(SUPPLIED INFORMATION)

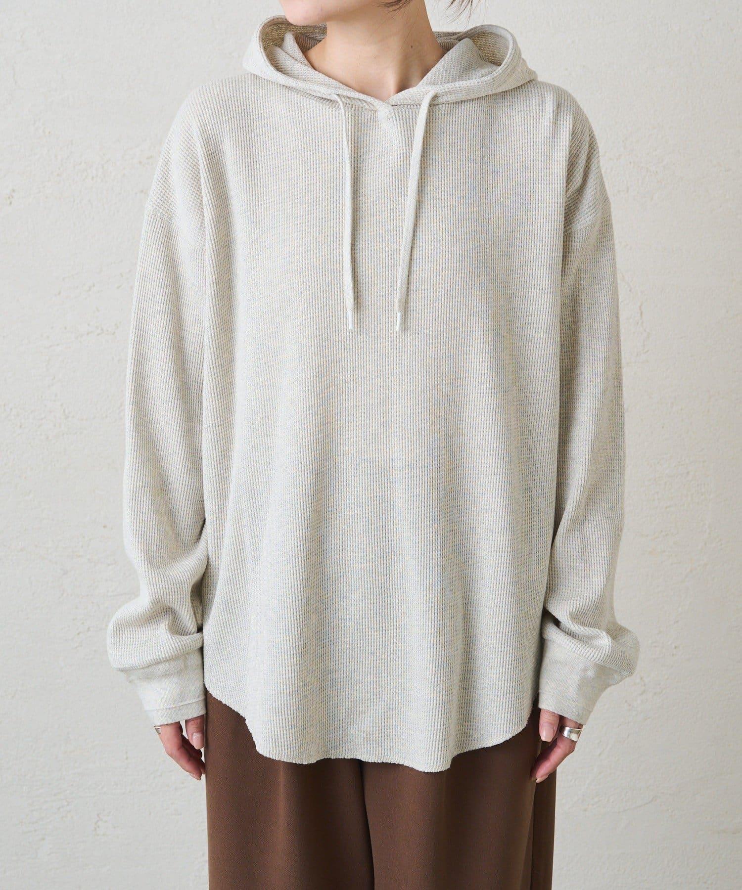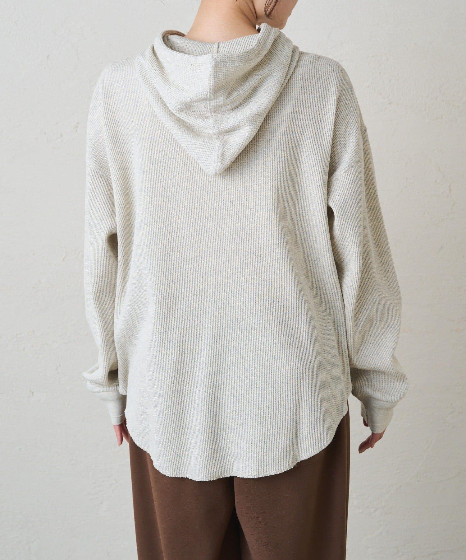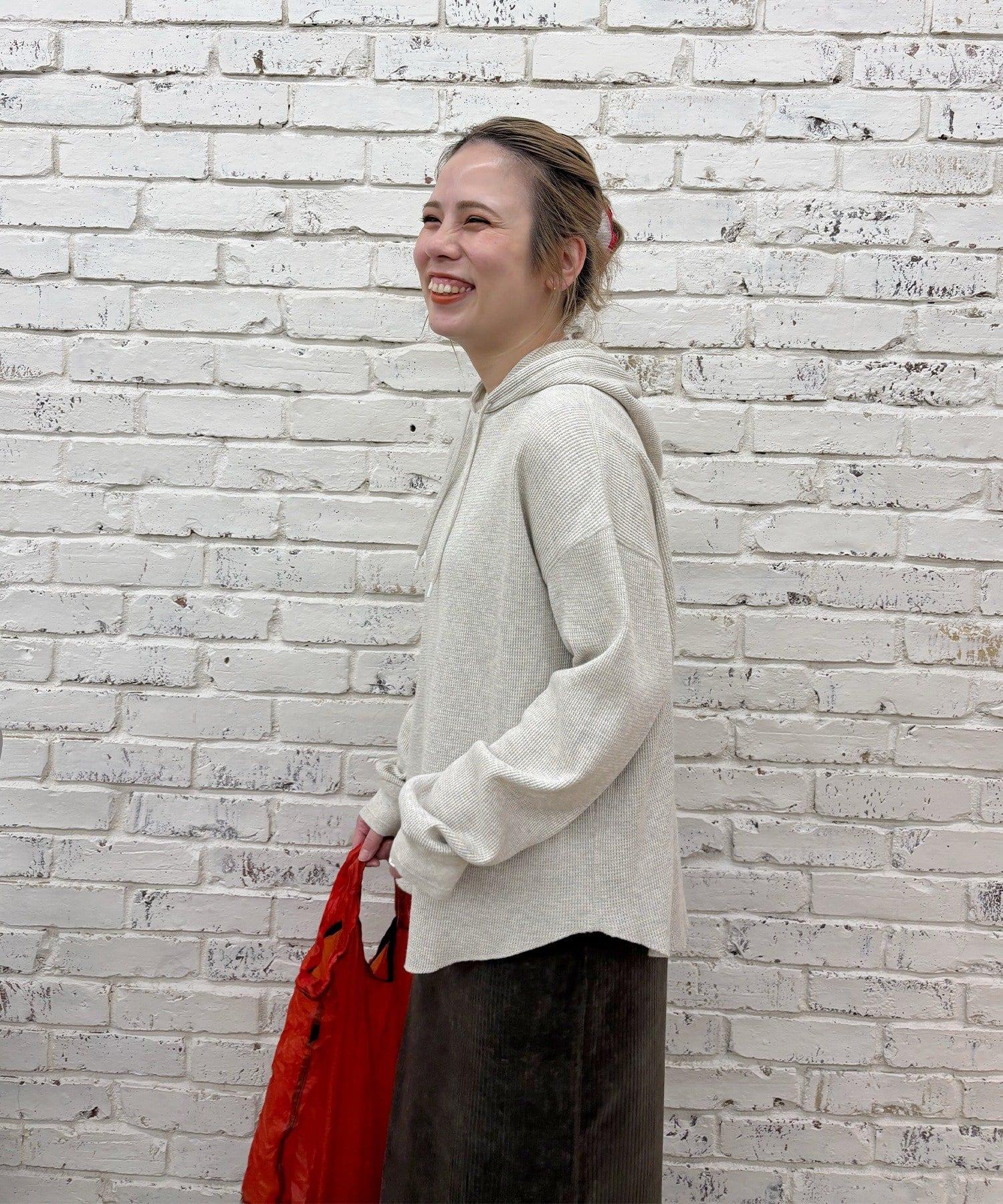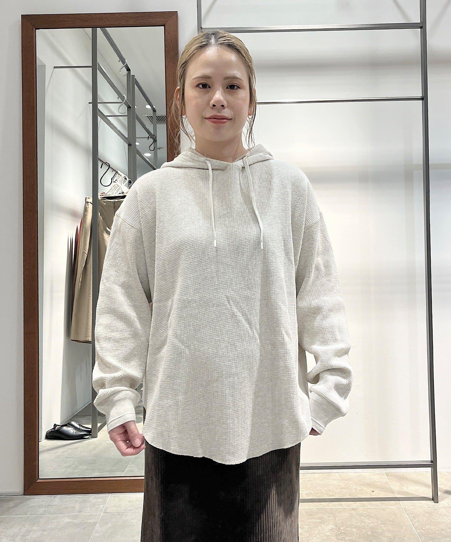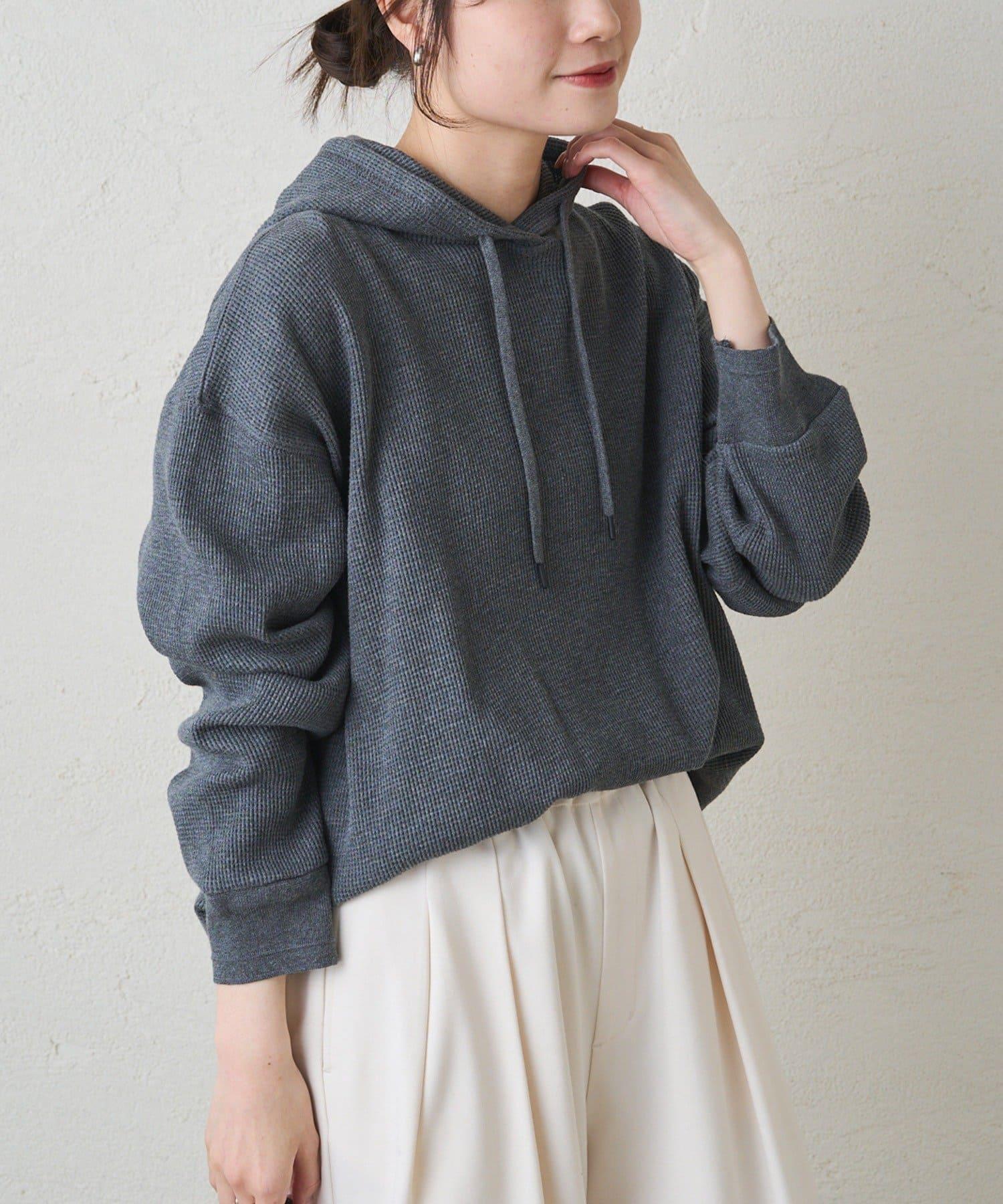 華夫格面料表面凹凸不平,富有表現力,使原本看起來厚重的連帽衫變得輕盈迷人。
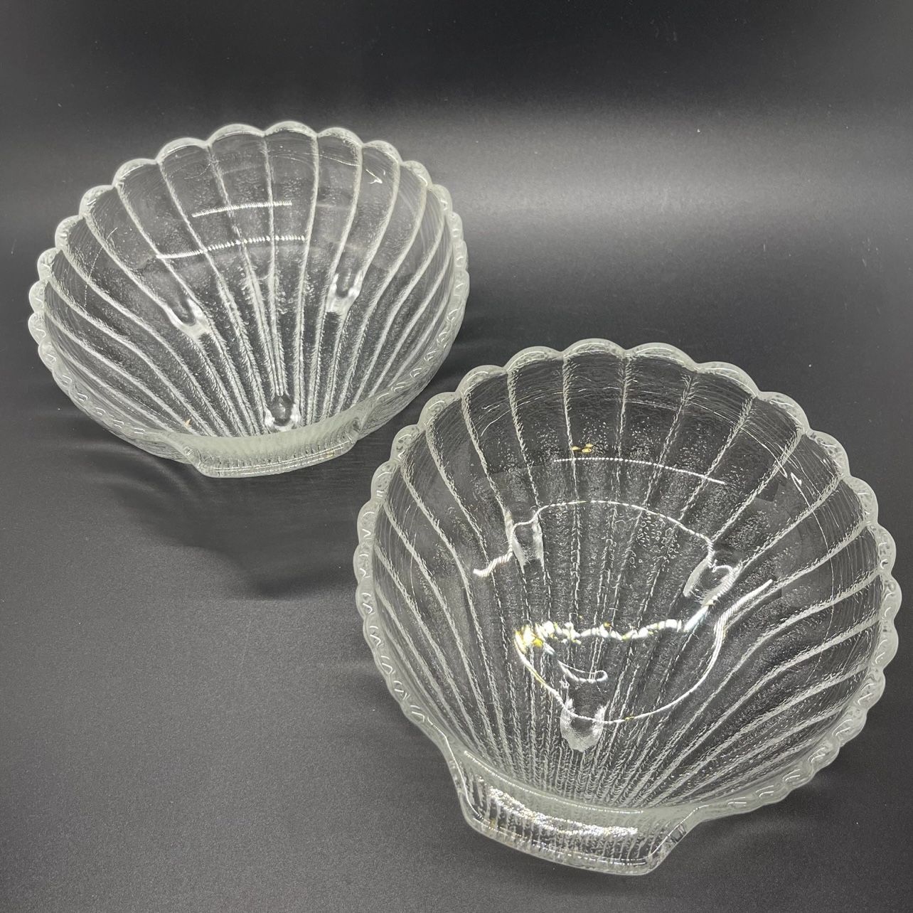Set of two glass clam shells Size: 6in Diameter RRB3
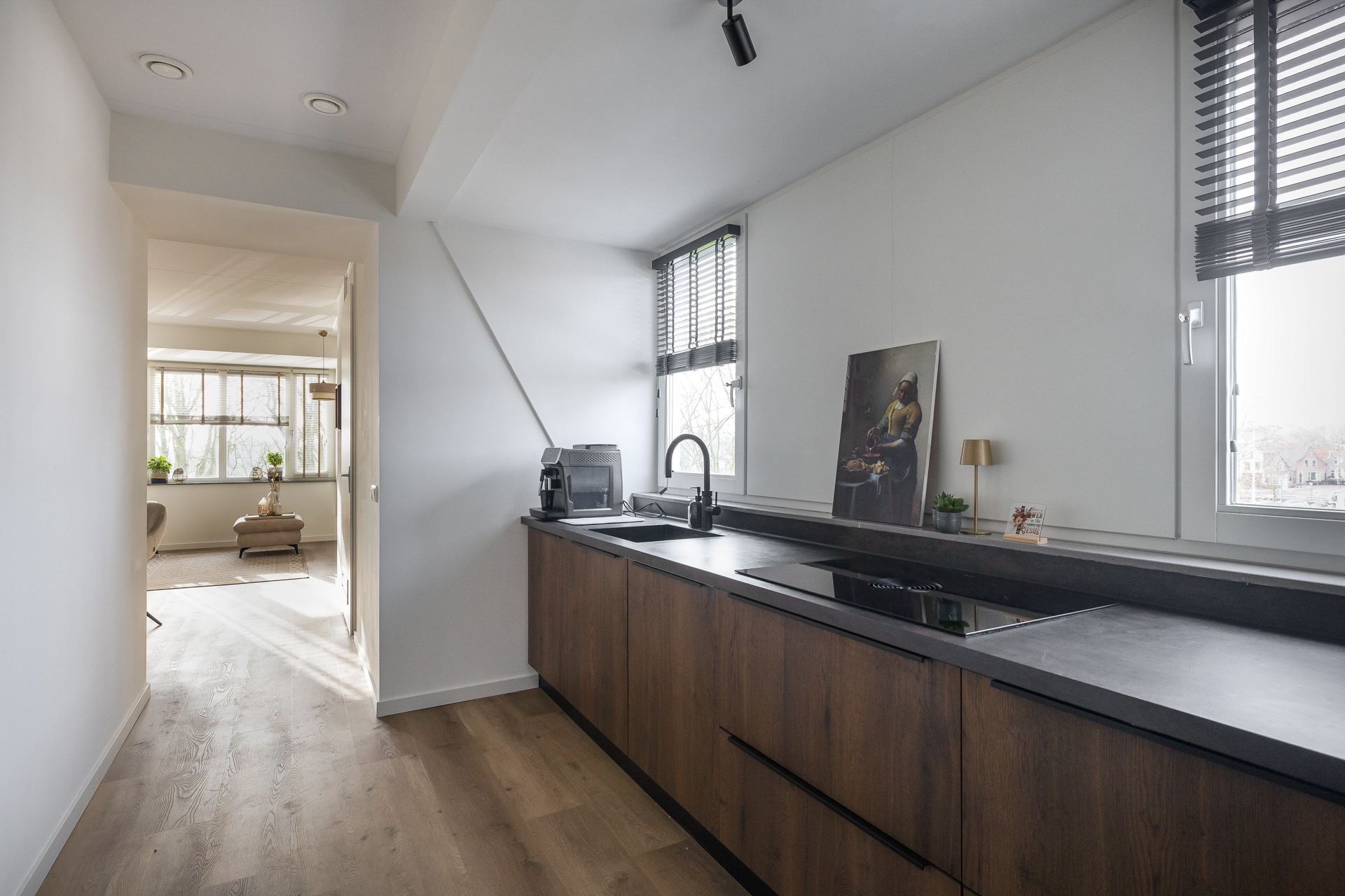 De moderne open keuken is een absolute blikvanger. Veel opbergruimte en uitgerust met hoogwaardige apparatuur, waaronder kookplaat, geïntegreerde afzuigkap, combi oven, koel vriescombinatie, vaatwasser en Quooker. Een thuis voor iedereen die graag kookt en met plezier gasten ontvangt.

(End SUPPLIED INFORMATION)

§ DIRECTIONS FOR THIS TASK: Please write out exactly the lines from the one holding "Set of two glass" through the last line of the material above, both included, as a copy without pictures.

§ ANSWER:
Set of two glass clam shells Size: 6in Diameter RRB3
 De moderne open keuken is een absolute blikvanger. Veel opbergruimte en uitgerust met hoogwaardige apparatuur, waaronder kookplaat, geïntegreerde afzuigkap, combi oven, koel vriescombinatie, vaatwasser en Quooker. Een thuis voor iedereen die graag kookt en met plezier gasten ontvangt.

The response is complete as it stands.